## PROBLEM DETAILS
Leave the pictures out and quote every line from the start of the listing to the line with "Dále je trojčíslí, ve", inclusive.

## SUPPLIED INFORMATION

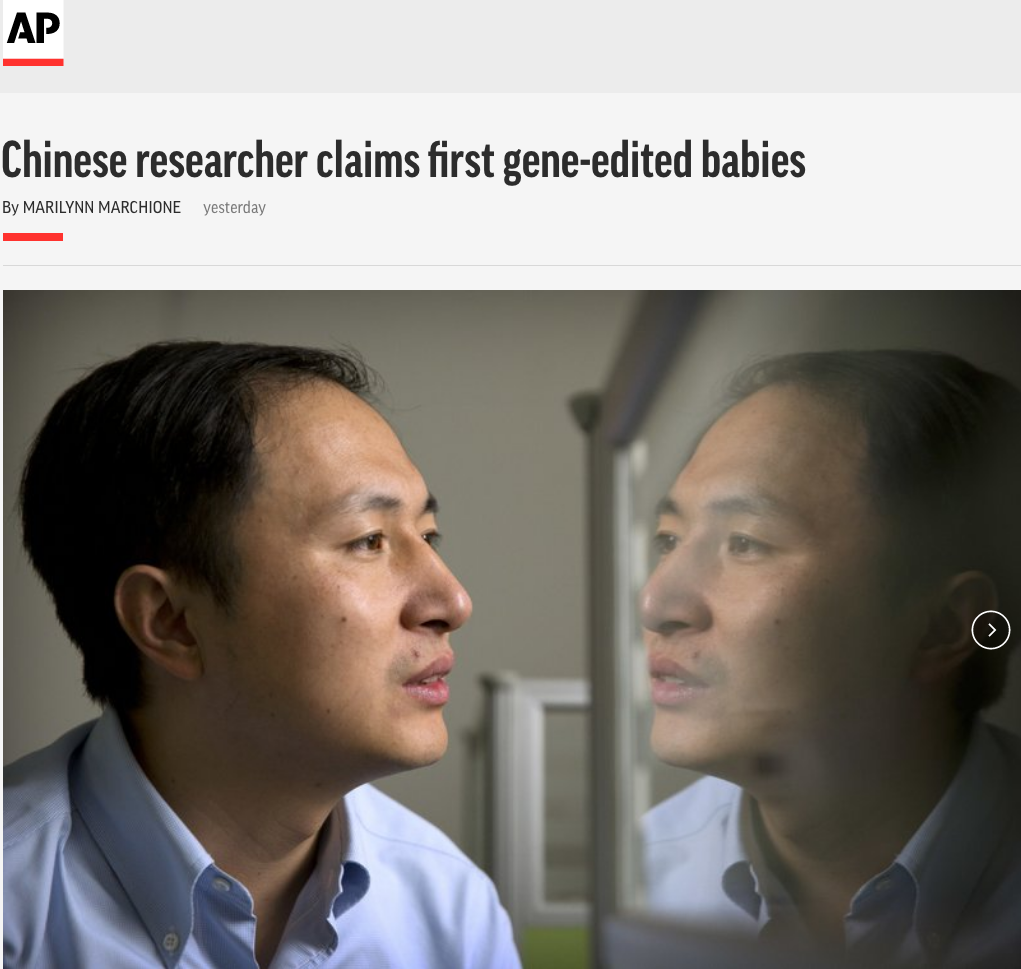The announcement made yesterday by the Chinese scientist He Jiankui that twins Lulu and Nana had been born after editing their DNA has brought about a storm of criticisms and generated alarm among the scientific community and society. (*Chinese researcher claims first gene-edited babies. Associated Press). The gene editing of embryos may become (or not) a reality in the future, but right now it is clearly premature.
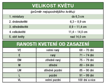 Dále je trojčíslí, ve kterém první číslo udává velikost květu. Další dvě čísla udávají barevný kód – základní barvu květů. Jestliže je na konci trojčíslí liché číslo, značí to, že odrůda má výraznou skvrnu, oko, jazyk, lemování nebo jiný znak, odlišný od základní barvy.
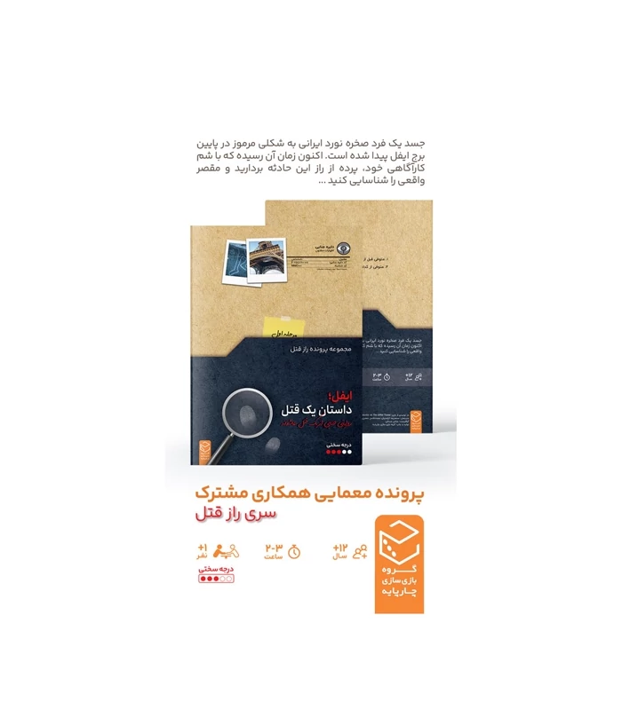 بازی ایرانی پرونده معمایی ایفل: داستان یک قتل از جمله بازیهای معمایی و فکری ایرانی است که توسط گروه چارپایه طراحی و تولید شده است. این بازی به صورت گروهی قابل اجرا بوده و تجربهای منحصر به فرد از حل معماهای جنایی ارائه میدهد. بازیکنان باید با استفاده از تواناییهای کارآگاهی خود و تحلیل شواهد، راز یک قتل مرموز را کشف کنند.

## OUTPUT
The announcement made yesterday by the Chinese scientist He Jiankui that twins Lulu and Nana had been born after editing their DNA has brought about a storm of criticisms and generated alarm among the scientific community and society. (*Chinese researcher claims first gene-edited babies. Associated Press). The gene editing of embryos may become (or not) a reality in the future, but right now it is clearly premature.
 Dále je trojčíslí, ve kterém první číslo udává velikost květu. Další dvě čísla udávají barevný kód – základní barvu květů. Jestliže je na konci trojčíslí liché číslo, značí to, že odrůda má výraznou skvrnu, oko, jazyk, lemování nebo jiný znak, odlišný od základní barvy.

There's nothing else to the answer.